The survey found that SMBs in Saudi Arabia, Egypt and UAE are spending up to $10,000 per annum on IT; with the 17 per cent majority spending in the range of $1,000 to $5,000.

Forty-five per cent of respondents in Egypt do not have a fixed annual budget for IT and are making purchase decisions as and when needed, the same is true for 45 per cent in UAE and 39 per cent in Saudi Arabia.

“The survey results tell us that a high percentage of SMBs are making purchase decisions for IT on a need basis, without threat assessment of their critical information, and without long term planning,” said Karam.

“It is likely these adhoc purchase decisions are being made to rectify issues only after they happen. SMBs would benefit greatly from a more strategic approach to IT. They could actually save money, given that the costs associated with a security breach or loss of data, loss of business and most importantly damage brand reputation,” he added.

In Egypt, data loss due to power failure was noted as the issue faced most frequently, while UAE and Saudi Arabia highlighted the inability to recover data from back-ups as the biggest problem. In addition, the research found that the frequency of back-ups was not optimum, with only one third of respondents backing up on a daily basis.

Only a quarter (26 per cent) of respondents claim they have never experienced an issue recovering data from their back-up, or faced loss of data due to power failure.

“The issues recovering data could be a result of a lack of understanding relating to backing-up of data,” commented Karam.

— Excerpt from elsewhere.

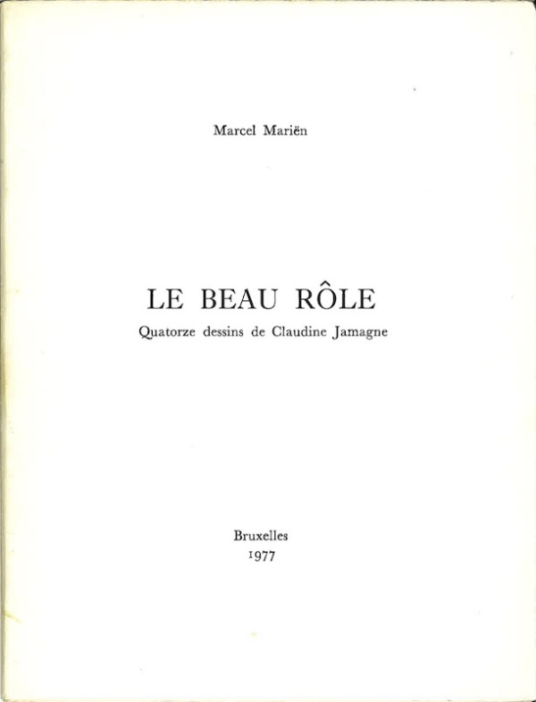 Brussels, Isy Brachot and Tom Gutt, 1977, illustrated with 14 drawings by Claudine Jamagne, 21 x 16 cm. One of 50 copies on Arches Ingres vellum accompanied by an original engraving by Claudine Jamagne, numbered, n°XII, signed by Marcel Mariën and Claudine Jamagne. Enriched with an original ink drawing signed and dated 1977 by Claudine Jamagne (16537 FD).
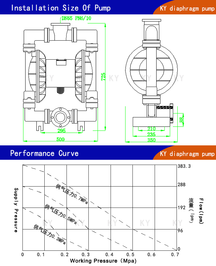 7、第四代氣動雙隔膜泵不需灌引水,吸程高達(dá)7米,揚(yáng)程達(dá)70米,出口壓力≧7bar

“The vast majority of SMBs we surveyed truly believe that by copying data to a CD, DVD or hard drive, they were backing-up that data.  Considering the rate at which data is expected to grow this coming year, small business owners need to consider back-up and recovery solutions that ensures invaluable information – such as financial records, customer databases, employee data – is available and better protected.”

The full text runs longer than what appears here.